L’Etat et la Caisse des dépôts s’opposent dans le dossier Dexia
Entre l’Etat et la Caisse des dépôts, le torchon brûle. En cause, le démantèlement de Dexia et la poursuite de son activité de financement des collectivités publiques françaises. «Les conditions dans lesquelles le dossier avait été examiné par le comité d’investissement de la Caisse des dépôts il y a quelques mois ne sont plus réunies», a indiqué vendredi à Reuters Michel Bouvard, président de la commission de surveillance de l’institution.

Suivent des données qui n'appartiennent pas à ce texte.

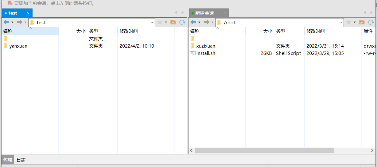 进入下面的画面,左侧是本地的,右侧就是服务器的空间,可以在服务器的root文件夹下新建文件,将dist文件拷贝过去。拷贝完成之后就可以退出xftp了

Le député UMP évoque les «conditions d’environnement financier actuelles» et le «besoin de liquidités».
Michel Bouvard estime que toutes les solutions doivent être examinées. Y compris celle d’une nationalisation, une solution à laquelle l’administrateur délégué de Dexia, Pierre Mariani, serait aussi favorable. Mais le gouvernement s’y oppose farouchement et a encore démenti vendredi qu’un tel scénario soit à l’étude, comme l’affirmaient Les Echos.

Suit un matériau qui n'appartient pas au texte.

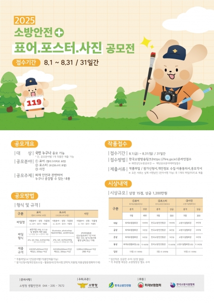 [충청25시] 소방청은 국민과 함께 만드는 안전문화 확산을 위해‘2025년 소방안전 표어·포스터·사진 공모전’을 8월 1일부터 개최한다고 밝혔다.

Les pouvoirs publics ont jusqu’ici poussé une solution tripartite et à deux étages. Une société commune détenue par la Banque Postale (65%) et la CDC (35%) serait chargée de développer les nouveaux prêts aux collectivités, mais en laissant de côté les autres secteurs (hôpitaux, par exemple) pas éligibles au refinancement de Dexia Municipal Agency (Dexma), véhicule d’émission de covered bonds. Dexma lui-même, qui porte les encours existants, s’adosserait à la CDC (65%), tandis que Dexia en conserverait 30% et LBP en prendrait 5%.
Dans ce schéma, la Caisse supporte initialement tout le surcoût de fonds propres réglementaires, estimé à 2 milliards. Mais aussi celui de la liquidité: pour garder sa note AAA, Dexma présente une réserve de cash de 10 milliards d’euros fournie par Dexia et que la CDC devrait assumer au démarrage.
Entretemps, la mise sous surveillance du triple A français fait peser la menace d’une dégradation de la Caisse des dépôts. Et la fin prochaine du mandat de son directeur général Augustin de Romanet, le 9 mars, dont la rumeur dit qu’il serait remplacé par le secrétaire général de l’Elysée Xavier Musca, n’arrange rien à l’affaire.
Le temps presse, car 8 à 12 milliards d’euros de financement pourraient manquer aux collectivités en 2012. Les maires de France espèrent bien un projet de loi en février permettant de créer l’agence de financement des investissements locaux. Mais celle-ci ne pourrait démarrer ses activités avant la fin de l’année.